### Provided data:

.....

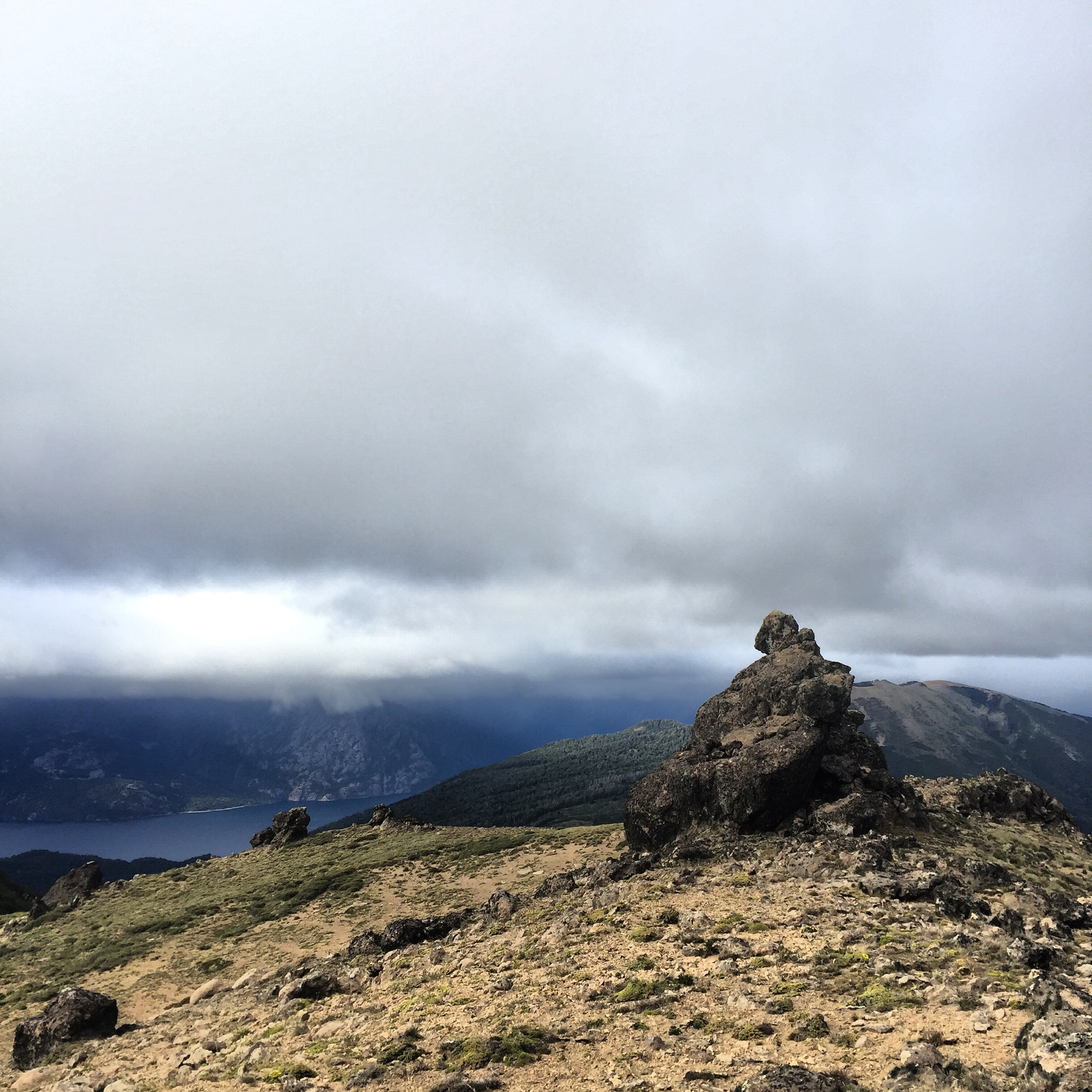 Pausa para foto – rápida, já que o frio mal deixava os dedos obedecerem – e era hora de descer. Não muito: um segundo cume se aproximava, menor que Milito mas, ainda assim, incrível. Diferente, aliás: todos os cumes que subimos foram diferentes em tudo, dos arredores à própria vegetação. Esse segundo, por exemplo, era praticamente formado de pedregulhos soltos e esparramados por uma vegetação queimada, quase inexistente. Mais vento, mais frio.
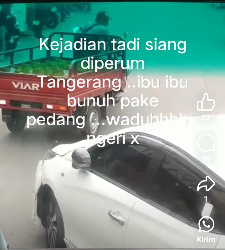 Viral video di media sosial, seorang wanita membawa senjata tajam jenis samurai diduga melakukan penusukan kepada seorang wanita paruh baya inisial RA usia 43 tahun hingga tewas, Korban diduga sebagai penjaga toko pakaian di Tangerang.
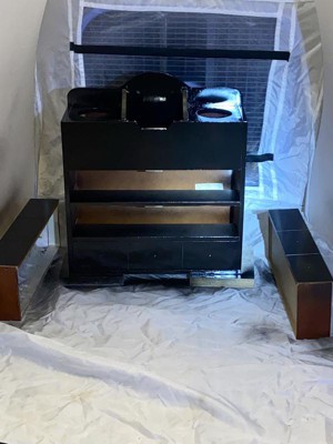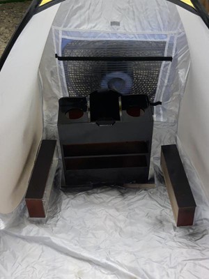 [This review was collected as part of a promotion.] It make a great mini spray booth . I just wished it came with a rack inside to support say 15 lbs .That way you could hang small parts and be able to spray all the way around .........................

.....

### Exercise details:
In the printed copy, the material above must appear unchanged and without its pictures.

### Answer to this problem:
 Pausa para foto – rápida, já que o frio mal deixava os dedos obedecerem – e era hora de descer. Não muito: um segundo cume se aproximava, menor que Milito mas, ainda assim, incrível. Diferente, aliás: todos os cumes que subimos foram diferentes em tudo, dos arredores à própria vegetação. Esse segundo, por exemplo, era praticamente formado de pedregulhos soltos e esparramados por uma vegetação queimada, quase inexistente. Mais vento, mais frio.
 Viral video di media sosial, seorang wanita membawa senjata tajam jenis samurai diduga melakukan penusukan kepada seorang wanita paruh baya inisial RA usia 43 tahun hingga tewas, Korban diduga sebagai penjaga toko pakaian di Tangerang.
 [This review was collected as part of a promotion.] It make a great mini spray booth . I just wished it came with a rack inside to support say 15 lbs .That way you could hang small parts and be able to spray all the way around .........................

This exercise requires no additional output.